Haskell explicit forall with "missing" type parameter on lhs

Question

I was reading the source code of haxl-Haxl.Core I came upon the following piece of code

data BlockedFetch r = forall a. BlockedFetch (r a) (ResultVar a)

And realized that I don't fully understand the usage of ExplicitForall/ExistentialQuantification.

In what ways is the snippet above different from

data BlockedFetch r a = BlockedFetch (r a) (ResultVar a)

And why can I "omit" the type parameter on the lhs of the data declaration.

Answer 1

As others have mentioned, the example from the code is an example of an existential quantification, and so is totally different from the final example in the question.

The first thing to note is that nowadays GADT notation is often preferred for this. The type in GADT notation is:

data BlockedFetch r where
    BlockedFetch :: r a -> ResultVar a -> BlockedFetch r

We can explicitly bind a as follows:

data BlockedFetch r where
    BlockedFetch :: forall a. r a -> ResultVar a -> BlockedFetch r

This would be isomorphic to the following if we had free existential quantification:

data BlockedFetch r where
    BlockedFetch :: (exists a. (r a, ResultVar a)) -> BlockedFetch r

This, combined with a desire not to introduce new keywords, is what led to the old ExistentialQuantification syntax. The BlockedFetch data constructor has type

BlockedFetch :: forall r a. r a -> ResultVar a -> BlockedFetch r

and this is what is trying to be communicated with the syntax:

data BlockedFetch r = forall a. BlockedFetch (r a) (ResultVar a)

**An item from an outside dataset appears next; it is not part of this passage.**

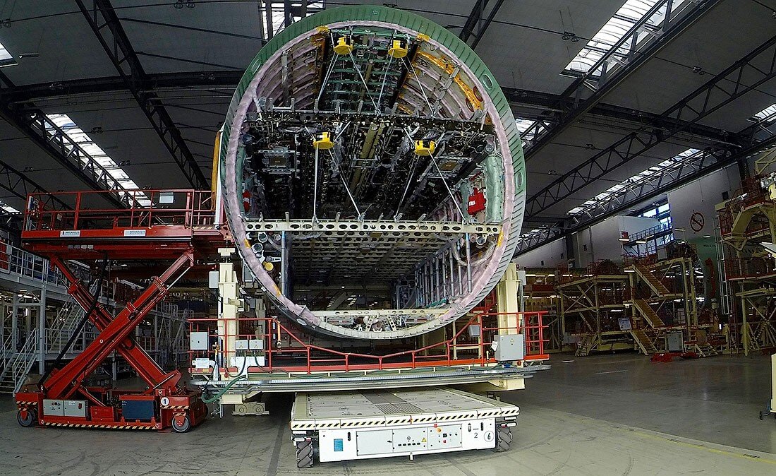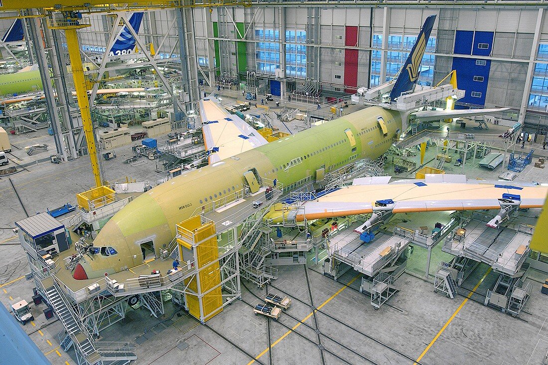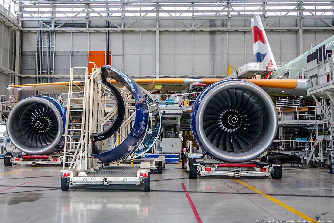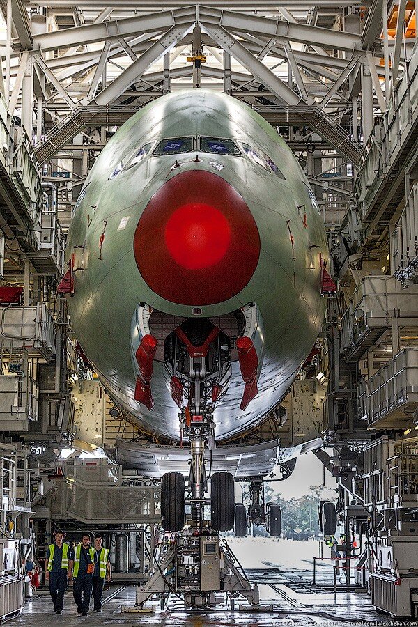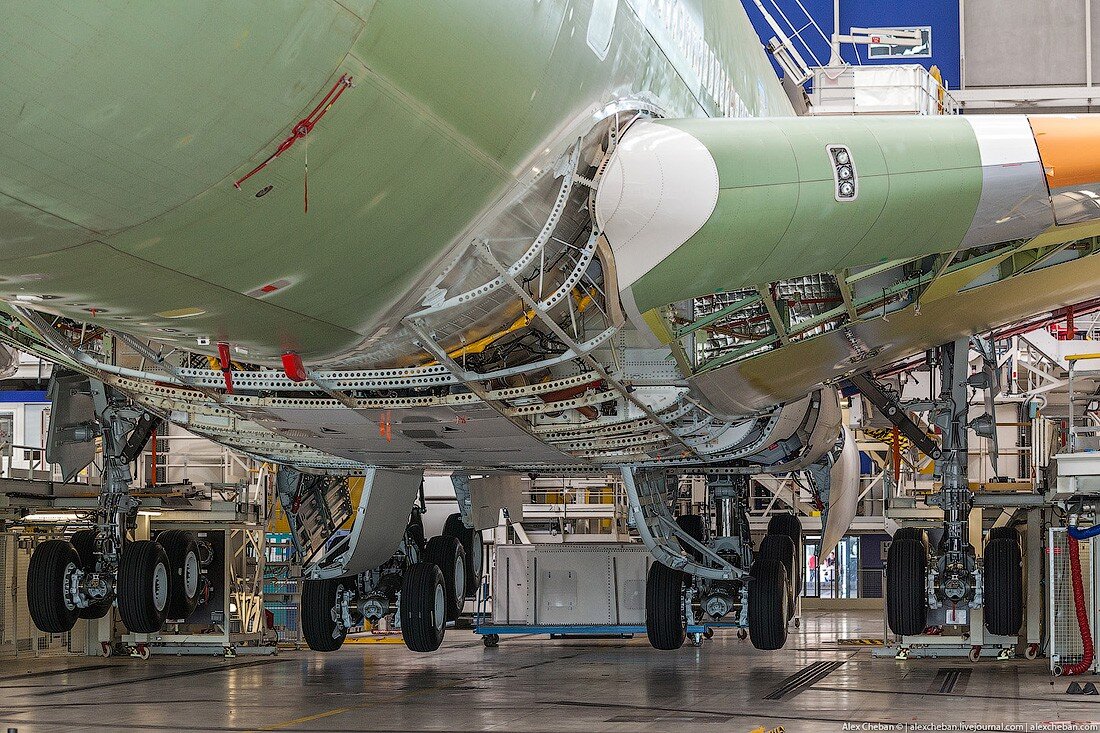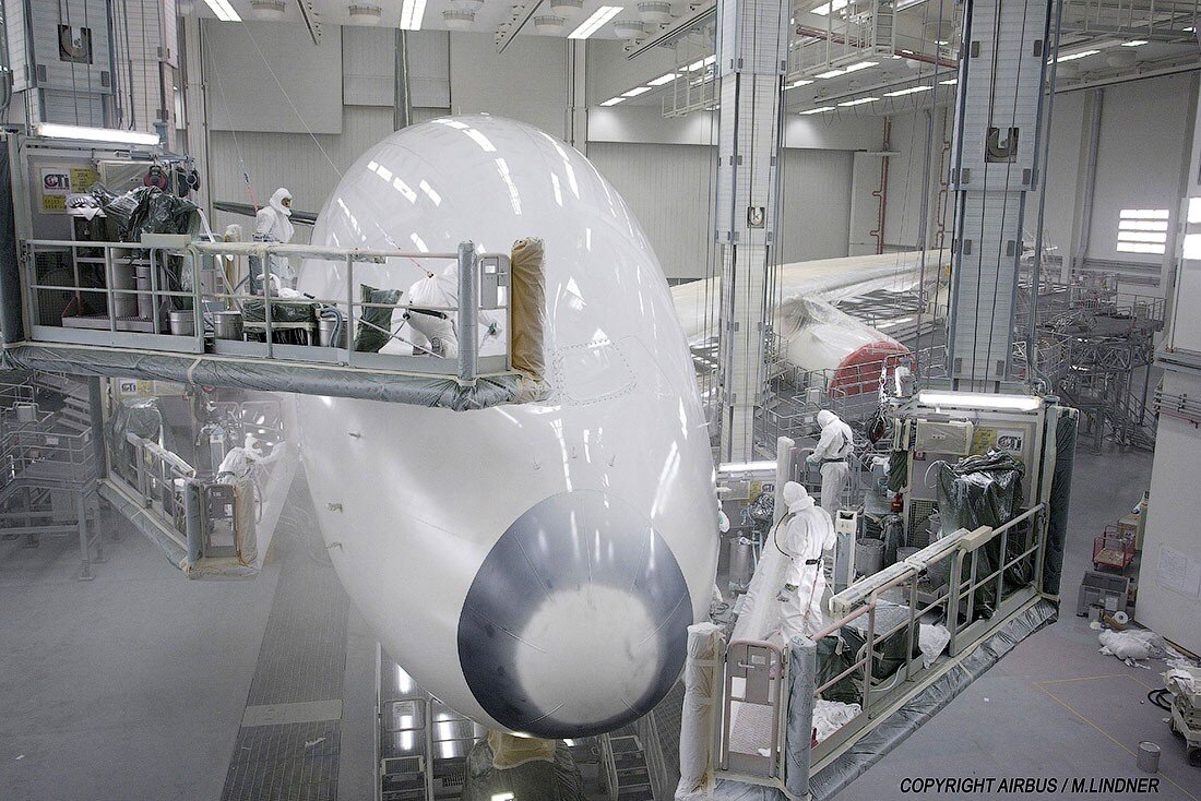 Длина сборочного цеха А380 составляет 490 м, ширина — 250 м, а высота — 46 м.

From this perspective the difference from having BlockedFetch r a is then the a would occur in the result of the data constructor type. Schematically, forall a. F a -> G is logically equivalent to (exists a. F a) -> G, but it is clearly not the case that forall a. F a -> G a is equivalent to (exists a. F a) -> G a as the latter is not even well-scoped.

Returning to

BlockedFetch :: forall r a. r a -> ResultVar a -> BlockedFetch r

if you don't understand existentials, but you do understand universal quantification, then you can understand what's going on in terms of that. Here we see that someone calling BlockedFetch, i.e. building a value with the data constructor, is free to choose whichever type they want for a. Someone consuming, i.e. pattern matching on, a value of type BlockedFetch R is essentially writing a function forall a. R a -> ResultVar a -> X and that function must work for any value of a, i.e. the person calling this function gets to choose a and this function must work with that choice.

Answer 2

Consider a simpler example:

data ShowBox = forall a. Show a => ShowBox a

Read it as

data ShowBox = whatever a. Show a => ShowBox a

and now it's clear that ShowBox can contain a value of any type as long as this type is an instance of Show. E.g.

ex :: [ShowBox]
ex = [ShowBox 'a', ShowBox (), ShowBox [1,2,3]]

So you can read

data BlockedFetch r = forall a. BlockedFetch (r a) (ResultVar a)

as "BlockedFetch contains an r a and ResultVar a for whatever a".

Answer 3

The difference is that you can (and in fact this happens a little further in the code) make a list of type [BlockedFetch request] where individual BlockedFetch have different a types (which you could not do with [BlockedFetch request a] - the a here has to be the same for the whole list). The comment above the snippet of code explains this nicely:

-- We often want to collect together multiple requests, but they return
-- different types, and the type system wouldn't let us put them
-- together in a list because all the elements of the list must have the
-- same type. So we wrap up these types inside the 'BlockedFetch' type,
-- so that they all look the same and we can put them in a list.
--
-- When we unpack the 'BlockedFetch' and get the request and the 'ResultVar'
-- out, the type system knows that the result type of the request
-- matches the type parameter of the 'ResultVar', so it will let us take the
-- result of the request and store it in the 'ResultVar'.

Roughly what happens in Haxl is that you want to have a way of fetching a bunch of values of different types in parallel from some remote store. The way you do this is by making a bunch of MVar which will contain the values you plan on getting. Then, in your code, you freely use these variables. However, and MVar blocks until it is "filled".

However, to fill the MVar, you only need to keep a reference to the MVar and a way of filling it - so at the end of the day you don't even need to know what the type is of the stuff the MVar will contain. That is an existential type - there exists some type a which the BlockedFetch is going to try to fill, but it will vary for different BlockedFetchs.